Looking ahead at RBLX stock, McKay rates the stock as Outperform (a buy), with a price target of $37 implying a one-year upside of 24%. (Click here to view McKay’s track record)
The Street is also generally bullish on Roblox, with 18 recent analyst reviews breaking down into 12 Buys, 2 Holds, and 4 Sells, for a moderate Buy consensus rating. The trading price of $29.83 and the average price target of $39.05 add up to a 31% year-to-date gain. (To see Roblox stock forecast)
Kornit digital (KRNT)
Kornit Digital then brings high-tech and textile together. The company is a global digital printing company, specializing in high-speed industrial inkjet printing technology, and also produces pigments and other chemical products. These are used in a range of textile industries including clothing, apparel, homeware and decoration; Kornit’s printing machines can translate complex designs from the computer directly onto the fabric and finished fabric products, enabling textile workers to recall patterned products on demand.
The ability to do this, create patterned finished products as needed, enables textile artists, makers, and factories to free up inventory space, eliminate redundancies, and otherwise streamline operations. Kornit’s customers can use the technology to support direct-to-garment solutions for a more sustainable fashion industry, generating less waste and overproduction and producing a seamless experience to keep customers returning.
Although Kornit holds a leading position in its niche, the stock is down 27% so far in August. The company’s losses have fallen in the days following the August 9 release of its Q2 2023 financials. Kornit posted a sixth consecutive quarter of net negative earnings per share, even though its non-GAAP loss of 15 cents per share was 6 cents better than expected.
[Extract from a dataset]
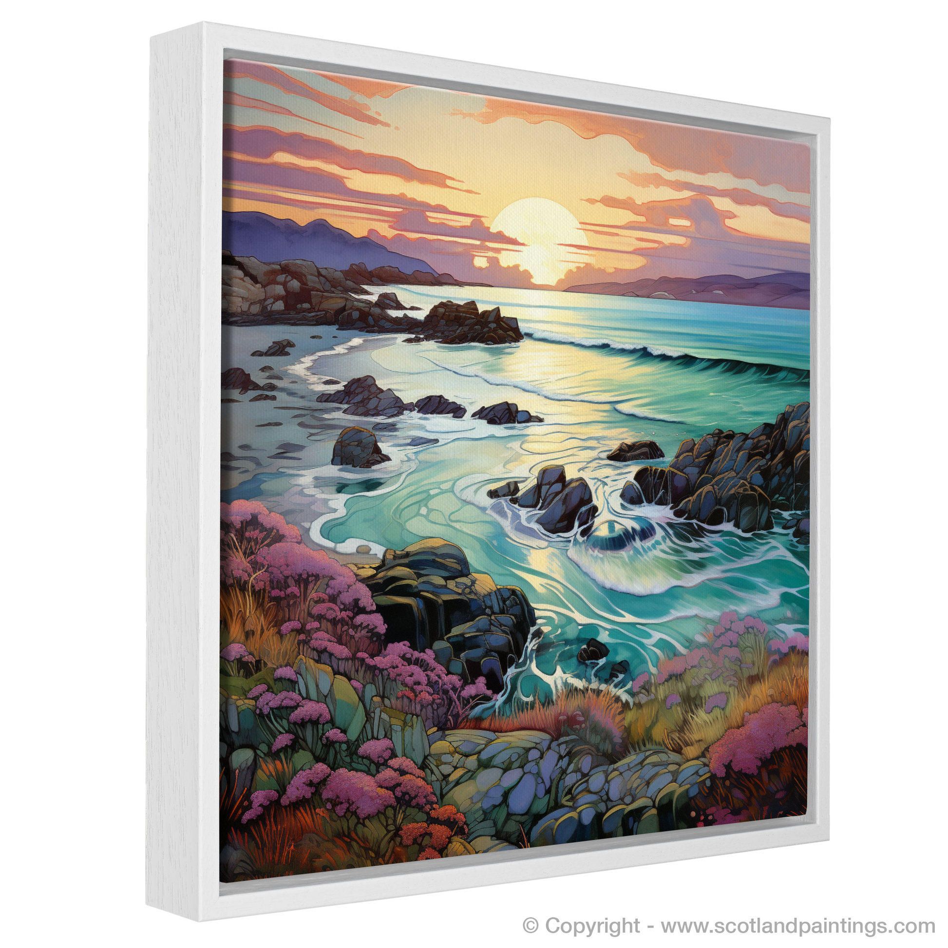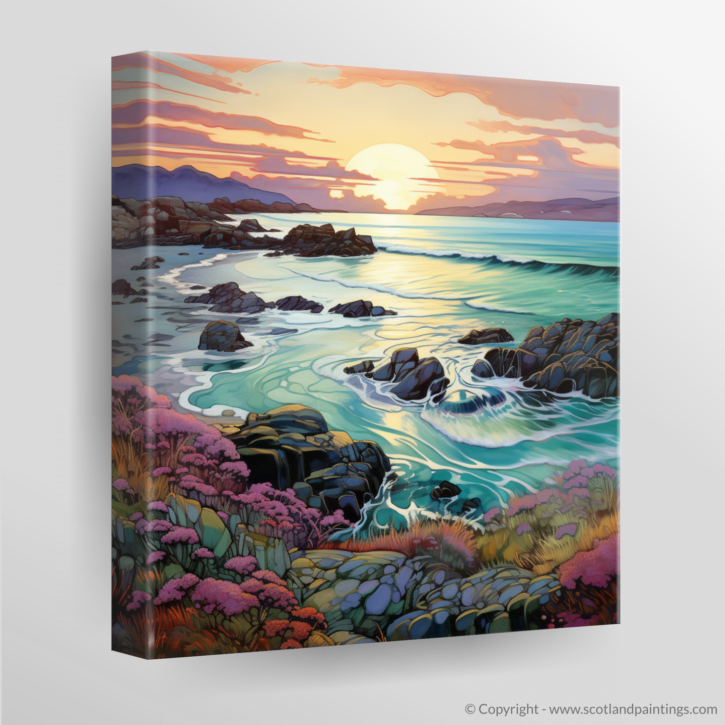 In the foreground, the Scottish landscape is alive with the delicate vibrancy of heather and wildflowers, their shades of pink and purple lending a soft, painterly touch to the rugged coastline. The interplay of light and colour is masterfully rendered, transporting the viewer to a serene moment frozen in time.

On the top line, the company’s earnings fell short of $56.2 million, down 3.3% year-over-year and more than $550 million below forecast. The missed earnings contributed to the stock’s fall, as did a 2H future earnings guide that came in 7% lower than Wall Street’s forecast.
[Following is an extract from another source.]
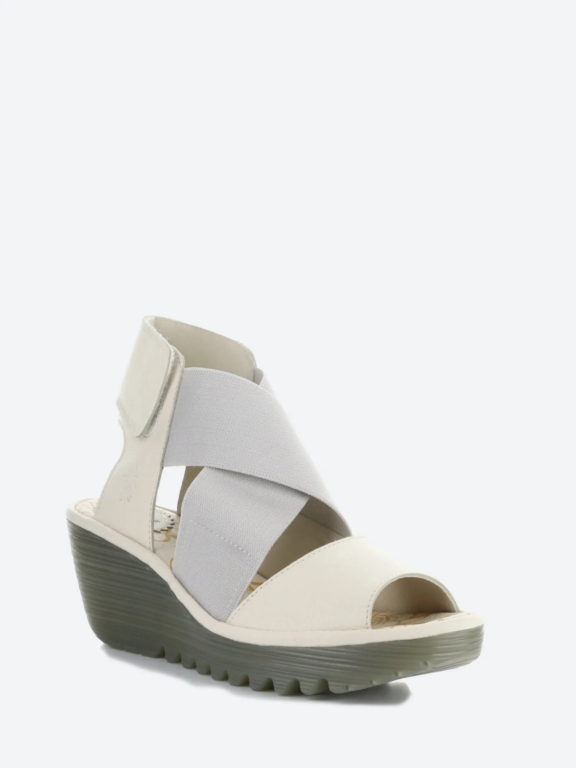 Fly London stylish cupido round toe sandals with wide elastic straps for an adjustable fit.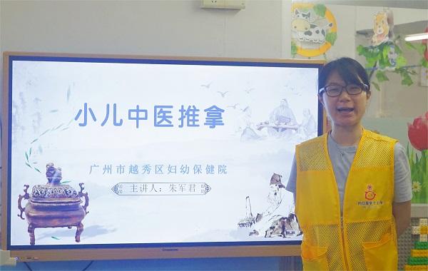 越秀區(qū)婦幼保健院的朱軍君醫(yī)生是擁有多年實(shí)踐經(jīng)驗(yàn)、擅長運(yùn)用中醫(yī)傳統(tǒng)療法進(jìn)行小兒康復(fù)治療的康復(fù)治療師?;顒又?,朱醫(yī)生圍繞運(yùn)用小兒推拿有效調(diào)理兒童腸胃功能、預(yù)防和治療感冒、促進(jìn)身高發(fā)育等方面展開詳細(xì)講解,現(xiàn)場演示了多個(gè)小兒常見癥狀推拿手法。家長和老師們表現(xiàn)出了極高的學(xué)習(xí)熱情,同步邊操作邊理解,使理論與實(shí)踐結(jié)合,現(xiàn)場洋溢著認(rèn)真活潑、專注和諧的氛圍。

When it’s all over, Morgan Stanley analyst Erik Woodring believes Kornit’s share price loss is a gain for investors as it opens up the stock to opportunistic buying. Woodring notes the headwinds but says the company has plenty of room for growth, writing: “We are looking past near-term challenges to what we believe should still be a year of robust growth in 2024, and continue to forecast high revenue growth of 20% Y/Y in CY24 (+26% Y/Y vs. +28% Y/Y previously), albeit off a lower starting base for 2023. With a 3.0x target EV/Sales multiple, we imply that KRNT’s shares continue to trade at a slight discount to its 2015-2019 valuation, when the company increased sales by double digits, given the risks associated with the weak near-term spending environment. [are] driving our upgrade to Overweight.”
That upgrade to Overweight (Buy) comes with a $29 price target, suggesting confidence in a 26% gain over the 12-month horizon. (Click here to view Woodring’s track record)
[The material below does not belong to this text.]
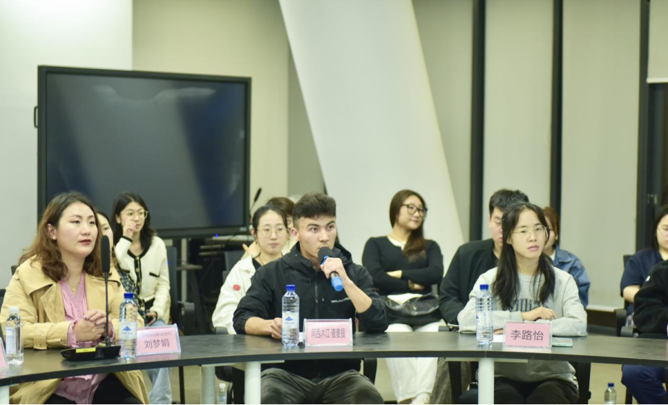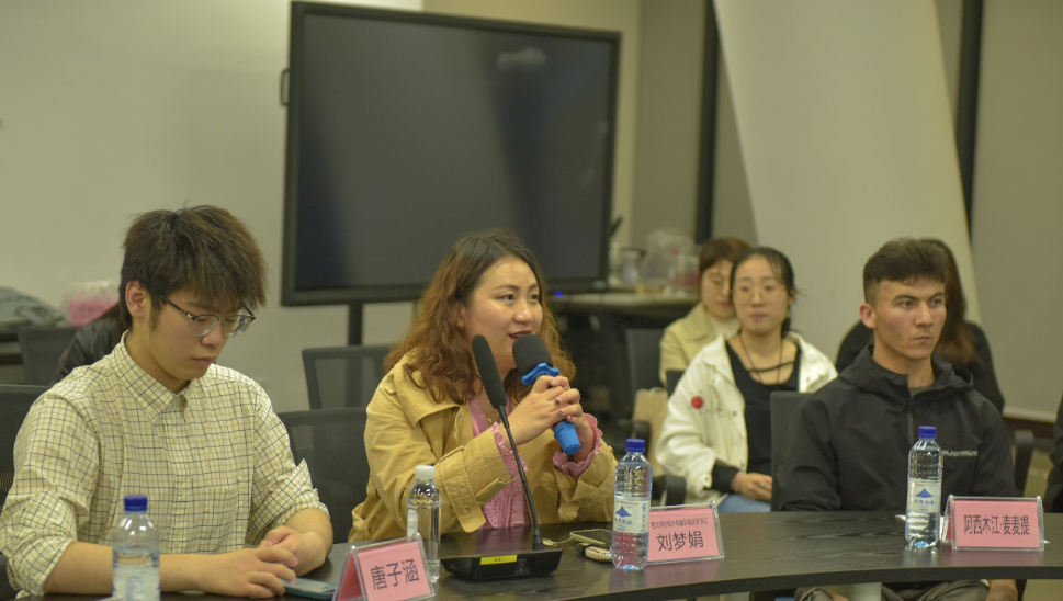 新闻211班阿西木江·麦麦提(左二)发言

Looking more broadly, Kornit has 5 recent stock reviews, with a breakdown of 3 Buys and 2 Holds supporting a Moderate Buy consensus score. Shares trade at $23 and have an average price target of $29.60; this suggests a 29% increase from current levels. (To see Forecast Kornit shares)
To find great ideas for stocks trading at attractive valuations, visit TipRanks’ Best Stocks to Buy, a tool that brings together all of TipRanks’ stock insights.
Disclaimer: The opinions expressed in this article are solely those of the recommended analysts. The content is for informational purposes only. It is very important to do your own analysis before making an investment.